During 2000-2008 further studies showed that the ‘sun-like’ stars were not really that. Most were more evolved than the Sun and one could really not extrapolate their activity to the sun with any confidence. The study by Lockwood et al. that showed a doubling of the sun’s ‘open magnetic flux’ was also in trouble, because I showed that the geomagnetic data used were incorrectly calibrated [so I was wrong too back in 1978] and re-analysis of the data by several groups including myself and Lockwood’s group showed that the was no doubling, that the Sun’s magnetic field now is just what it were 107 years ago. so the two pillars supporting the TSI ‘background’ have now fallen by the wayside. Furthermore, we have learned more about the distribution and form of the Sun’s magnetic field, also showing no background contribution to the TSI.
Take away the rising background, takes away the rising TSI and we are back to a simple cyclical TSI rising and falling simply with the sunspot cycle.

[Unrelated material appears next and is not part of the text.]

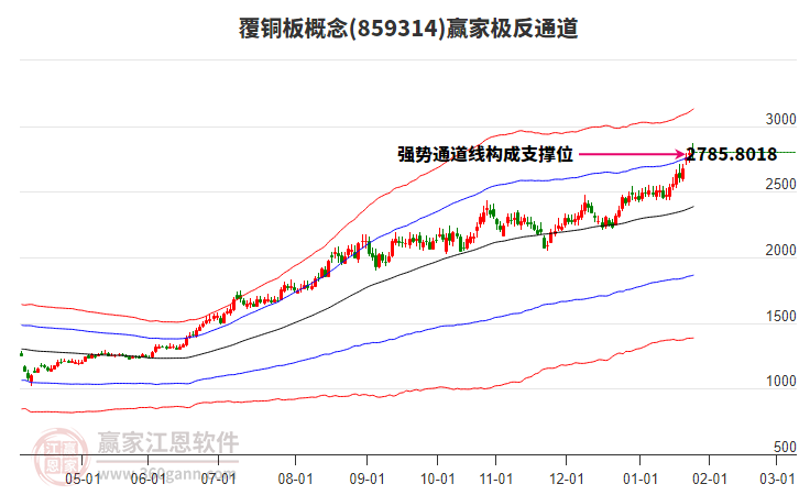 今日K線以上下影小陽線收盤,收盤價(jià)2807.77,概念自1月15日低點(diǎn)2432.97展開上攻,持續(xù)11日,抵達(dá)強(qiáng)勢(shì)通道線2863.0364點(diǎn)壓力位附近受阻,如能有效突破強(qiáng)勢(shì)通道線,則有望繼續(xù)上攻強(qiáng)勢(shì)外軌線3234.427點(diǎn),若不能突破則將回探生命線2437.7063點(diǎn)附近尋找支撐。極反通道規(guī)則顯示,一線受阻,回調(diào)一線。
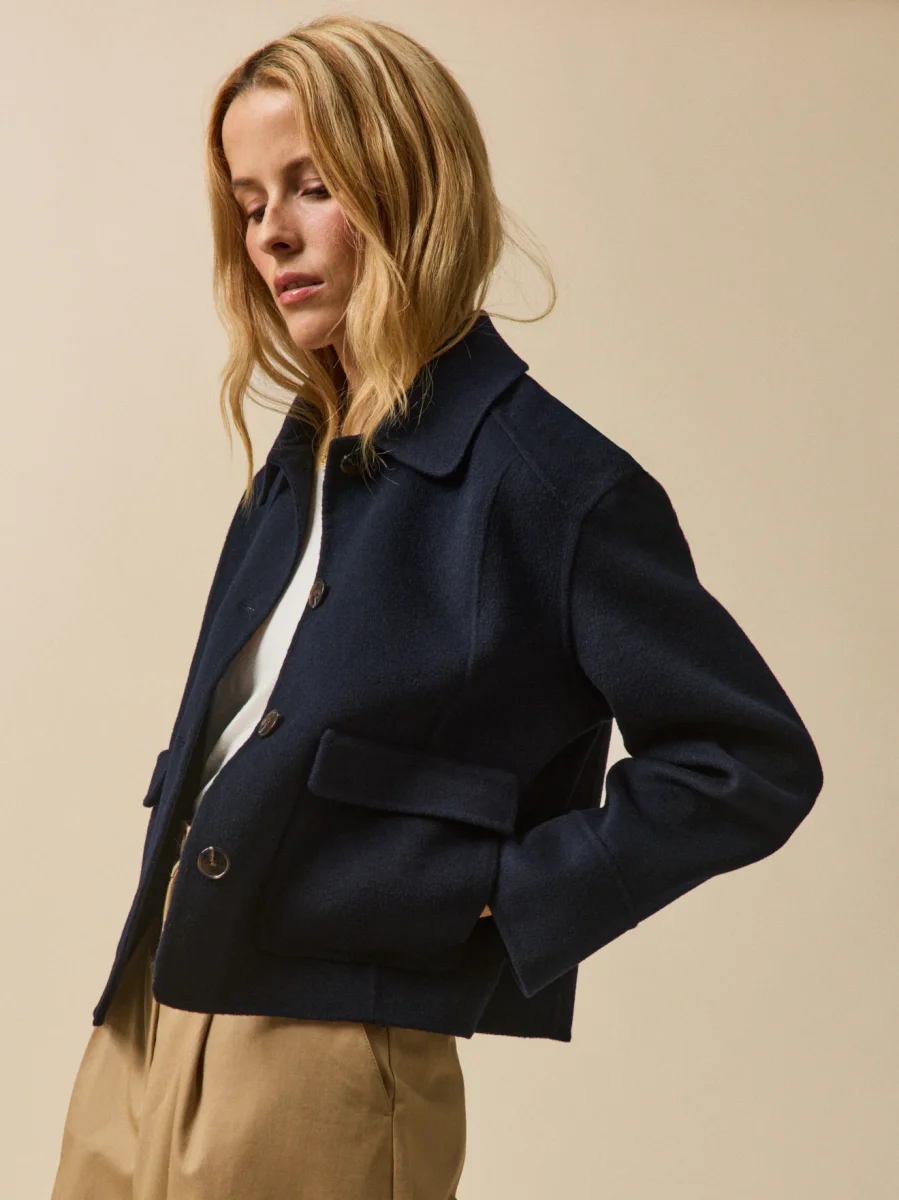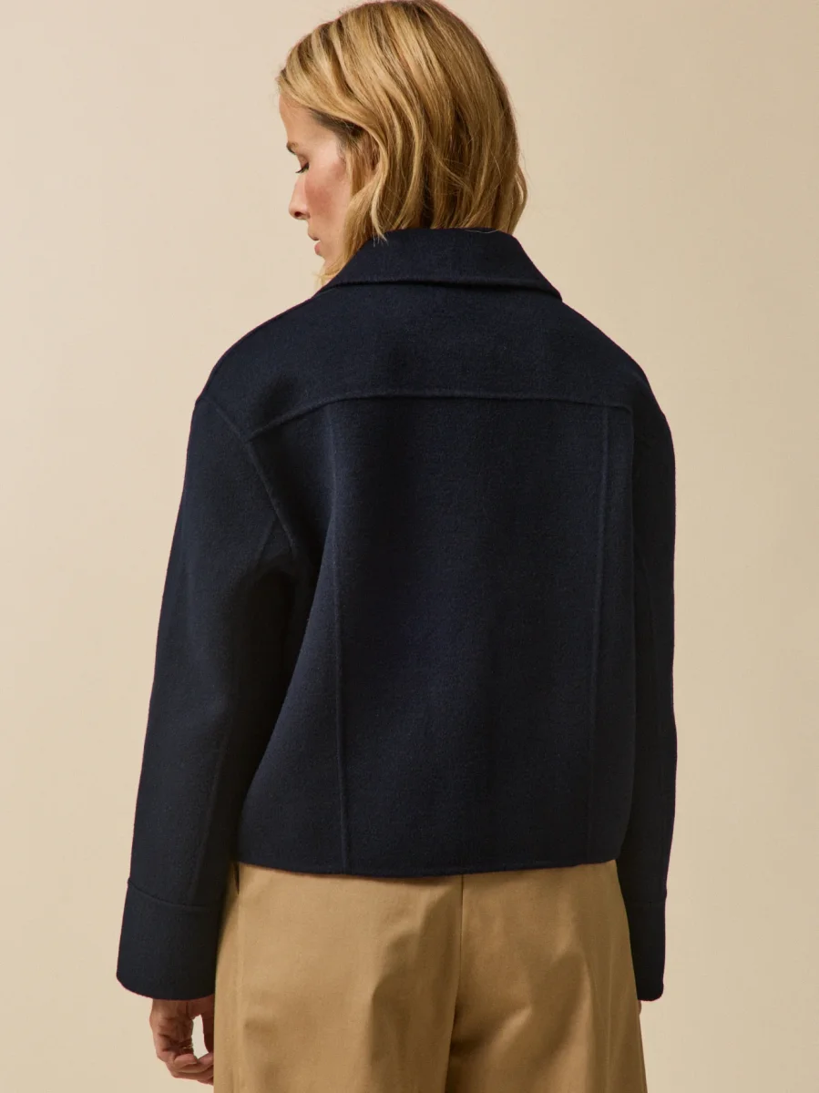 Ligne épurée sur lainage double face chic et chaleureux. Tout en souplesse, la veste se plie aux exigences d’un style urbain contemporain. À l’aise à l’intérieur comme à l’extérieur, elle signe un look ultra confort, toujours impeccable.

If Livingston and Penn are correct that the sunspots will disappear [be invisible] by 2015, it is possible that there were also simply invisible during the MM. We know from cosmic rays that the Sun’s magnetic cycle was still going, so possibly one might speculate that even during the MM, TSI was behaving as today.

October 6, 2008 11:55 am

AnonyMoose (11:28:28) :
Looks like GISS model solar forcing isn’t trying to forecast solar behavior. Their diagram shows cycle data ending around 2000, so they might not have run models using the data from recent months.
They just use a simple extrapolation forward. Not too bad. Worse is that they use the obsolete Lean TSI backwards in time [with the pronounced rise during the first half of the 20th century]. This makes their solar forcing skewed in the sense that they implicitly can push some of the pre-1970 temp increase over on the Sun making the claim for AGW later on stronger…

jmrsudbury
October 6, 2008 11:55 am

I wonder if my September 2009 WAG that I made (No, it is not even a SWAG) for the month that solar cycle 24 will end up being correct. Not that it matters much anyway. Seeing as how Jupiter is 7.79 x10^8 kilometers from the sun, I doubt a couple of solar widths (diameter = 1.4 x10^6 km) shift in the barycenter will have much of an affect on anything be it tides nor the magnetic field of the sun. Jupiter is so far away, that a single solar width closer is only 1/556th of the distance.